Exhibition with works by: Mariana Castillo Deball (1975, Mexico City. Lives in Berlin/Amsterdam), Heman Chong (1977, Malaysia. Lives in Berlin/Singapore), Graham Gussin (1960, London. Lives in London), Victor Man (1974, Cluj–Napoca. Lives in Cluj–Napoca), Francesc Ruiz (in residency) (1971 Barcelona. Lives in Barcelona), Jordan Wolfson (1980, New York. Lives New York/Berlin) and Haegue Yang (1971 Seoul. Lives in Berlin/Seoul). Curated with Nav Haq (Exhibitions Curator, Arnolfini).
'
Sequelism: Possible, Probable, or Preferable Futures' looked into the future and at that which is yet to happen. It considered how art and the inexact arena of
futurology might be utilised as a means to better comprehend, rethink, obscure, or even colonise the present.
The future is commonly manifested in popular cultural forms, including science fiction, yet how might we look beyond the present without recourse to established genres? To what extent does strategic foresight affect our understanding of the now, the ‘then’ or the ‘when’? Is the future a culturally specific phenomenon, that is inherently Western in its gaze and orientation? And just how accurate can we be when imagining the future? Disputing illustrative organisation around a predetermined thesis, the project itself invited doubt, speculation and to-be-determined outcomes.
Taking the style of a magical realist tale or children's story, Mariana Castillo Deball's '
Nobody Was Tomorrow' (2007) consisted of three interconnected stories based on the fictional connections between three real ‘characters’ – ‘Nobody’ a defunct accelerating aging machine, a sprawling fig tree and the remains of a Roman bath in Čačak, Serbia. Castillo Deball makes us mindful of culture’s fortunes through a swirling fable about the sedimentation of time, encapsulated by an image of a damaged book.
'
Index (Down)' (2009) was part of Heman Chong's ongoing series ‘Surfacing’, which require the action of putting up 3000 stickers on a wall within a given set of instructions. The red triangular stickers were intended to resemble the
downward pointing arrows used to denote a fall in value of stock exchanges. Considering the paranoia around the scenario of economic free fall, Index (Down) used this motif to create an abstract pattern evoking a waterfall.
Graham Gussin's '
Hypnotic/Dystopic/Optic' (2009) presented a ‘horizon line’ of rotating record covers for soundtracks to renowned dystopian science fiction films. The covers were set to rotate at the speed at which their images ‘vaporise’ at the limit of visual comprehension.
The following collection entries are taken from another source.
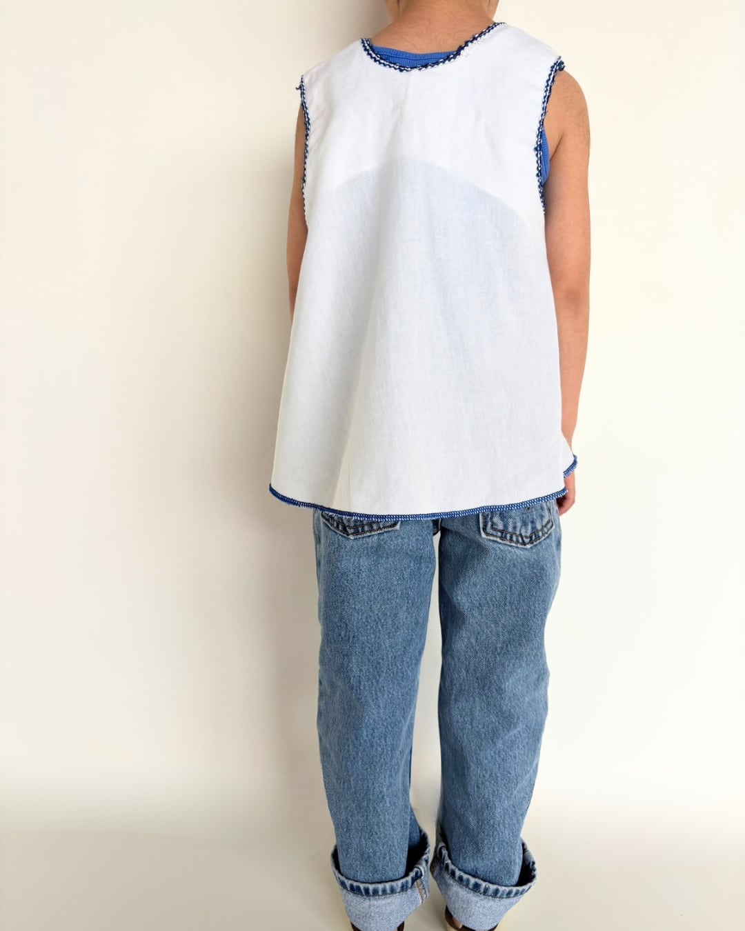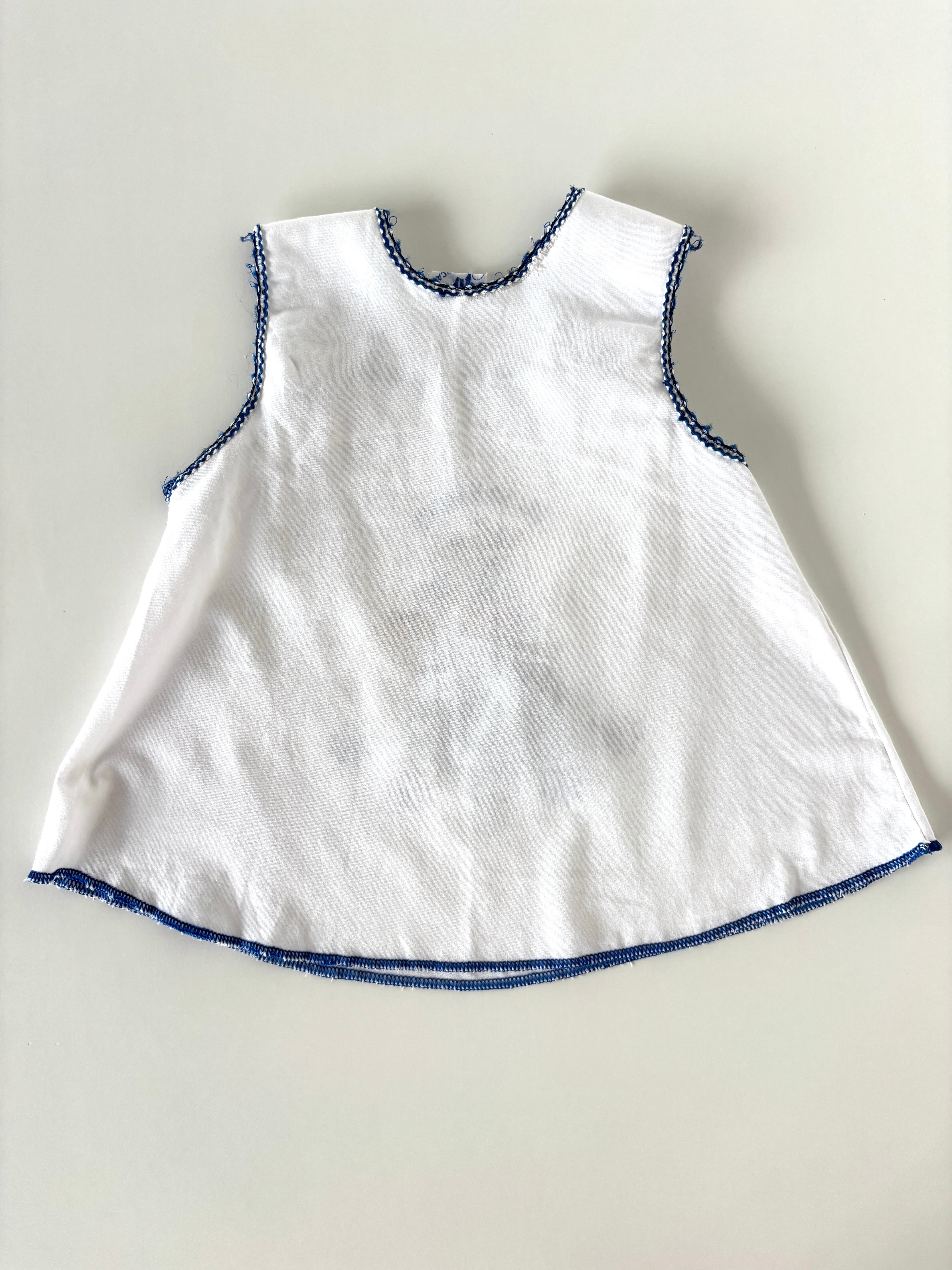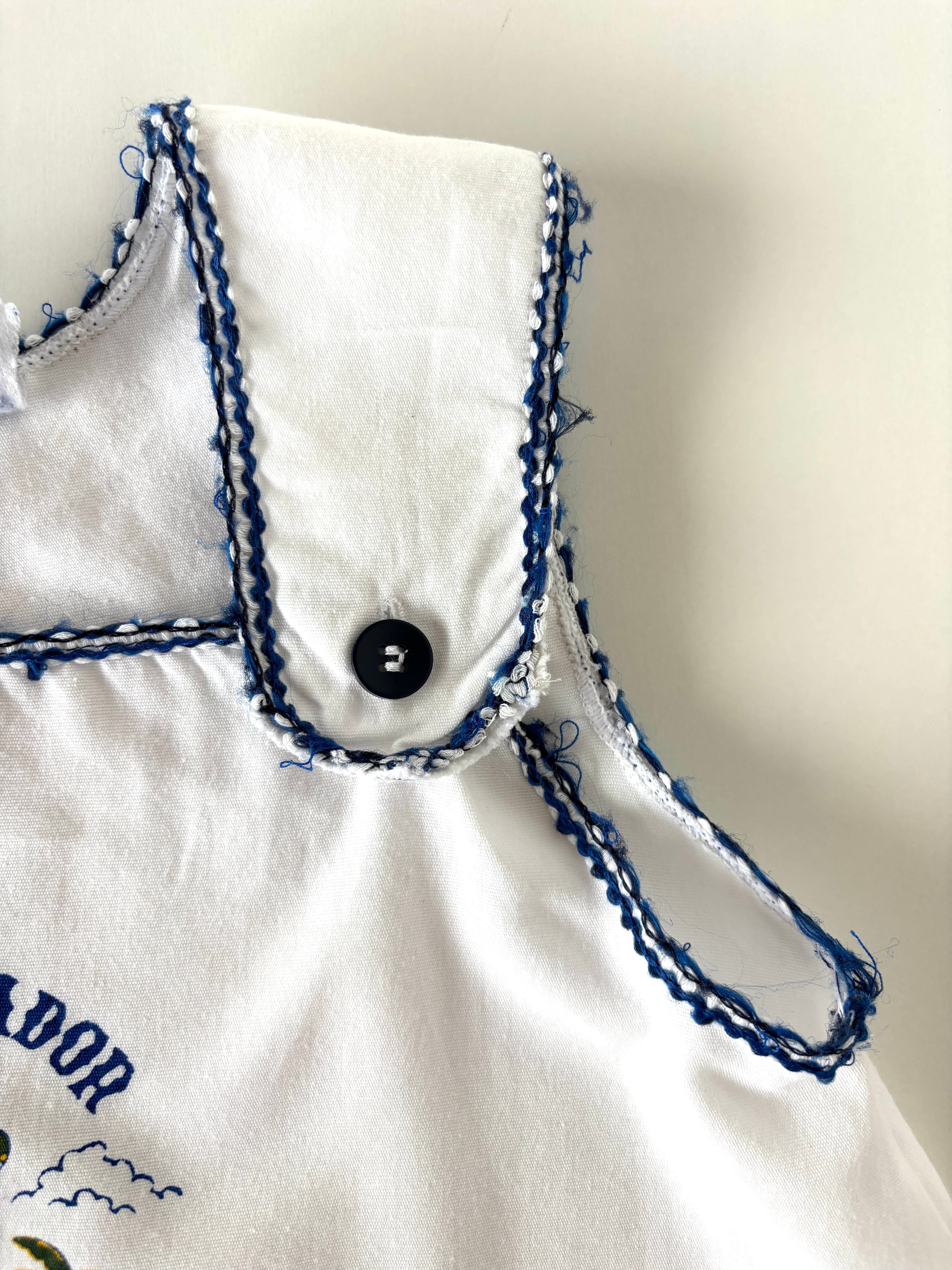 ・首周りや袖周りのブルー糸部分にほつれやダメージあり。
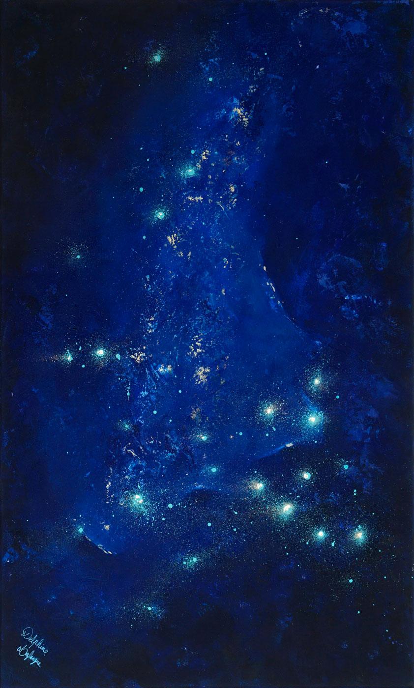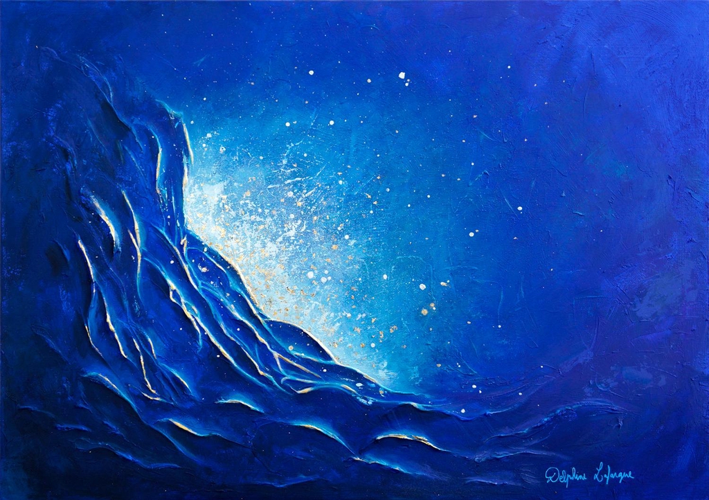 Du plus loin de notre galaxie jusqu’au fin fond des abysses, on retrouve dans mes peintures toute l’énergie et la force de la nature à travers les éléments (l'eau, le feu, la terre, l'air, l'énergie, le mouvement...). J'exprime cette force dans la confrontation des ombres, des lumières et des couleurs.
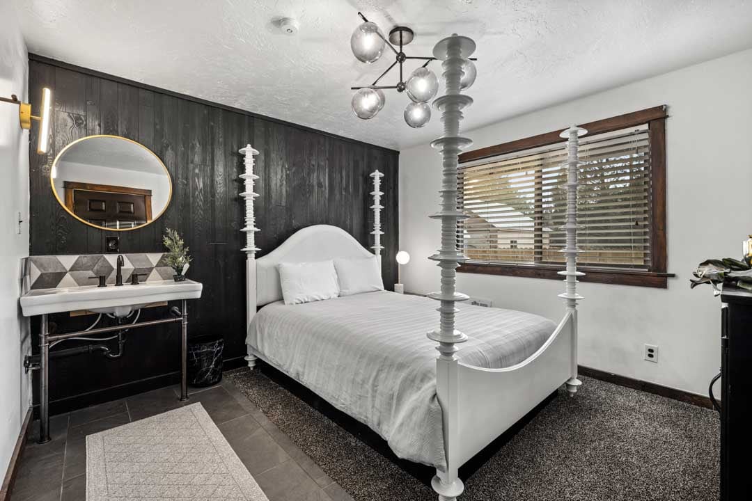 Freshly remodeled (2022) mustang themed room at Lake Village Lodge. Convenient location, near downtown festivities and close to the freeway entrance for quick access to all the mountain, skiing, lake, river, and hiking CDA and the surrounding areas have to offer! This room has a queen bed and futon, So this can comfortably sleep 4. Great home base for all your Coeur d'Alene adventures. If you need more space, check out our suites and room 6 & 7 at Lake Village Lodge.
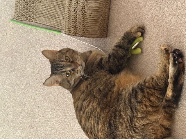Are you in need of lots of unconditional love and affection? If so, I’m the girl for you! I’m a very social 10 year old fur baby who loves being around people. I will sleep with you if you let me and will sometimes cuddle up on your chest so we can be nice and close. I like to play during the day (I especially love to chase the wand) and I’ll tell you when I need food or pets.

'In The Not Too Distant Future (Self Portrait with Sleeping Masks)' (2009) was a self-portrait of the artist inspired by a scene from the film La Jetée (1962) concerning an experiment in time travel following a nuclear war.
Francesc Ruiz's stair-barrier installation '
Untitled (Bristol)' (2009) took the shop windows of the high streets in the south of Bristol – East Street and North Street – as sequential units akin to comic-book vignettes. Ruiz created a narrative around a
dystopian future in which destruction, revolt and anger have invaded the city after an economic downturn.
Jordan Wolfson '
Untitled' (2007) centred on a 1984 Macintosh 128k, the first affordable home computer to use a mouse-driven graphical user interface. The computer was seen stranded by the side of a road in Connecticut which was built in the late 1930s following the Great Depression. The soundtrack comprised a triumphalist monologue concerning the emergence of American abstract painting in the 1950s. Wolfson was interested in obsolescence, and in these elements as generational touchstones.
Victor Man's
three pieces could be read in terms of premonition and symbolic rites which relate to the uncertainty of the future in a similar way that memory relates to the past. A taxidermy
fox head was wedged within a metal structure as if a votive or magical offering. Vinyl text on a wall was negated by a
neon ‘X’. A
ceramic funerary plate bore the image of stars, whose arrangement has often been interpreted by man in terms of fate and fortune.
Haegue Yang's '
Holiday for Tomorrow' (2007) considered our perception of time, and the emotional anticipation of holidays, those socially-agreed days in which labour is suspended and we attempt to rest our bodies and minds. At its centre was a video essay showing Seoul during the Korean harvest holiday Chuseok over which a female voice reflected on the postponement of desire and the dysfunctional hopes triggered by enforced leisure.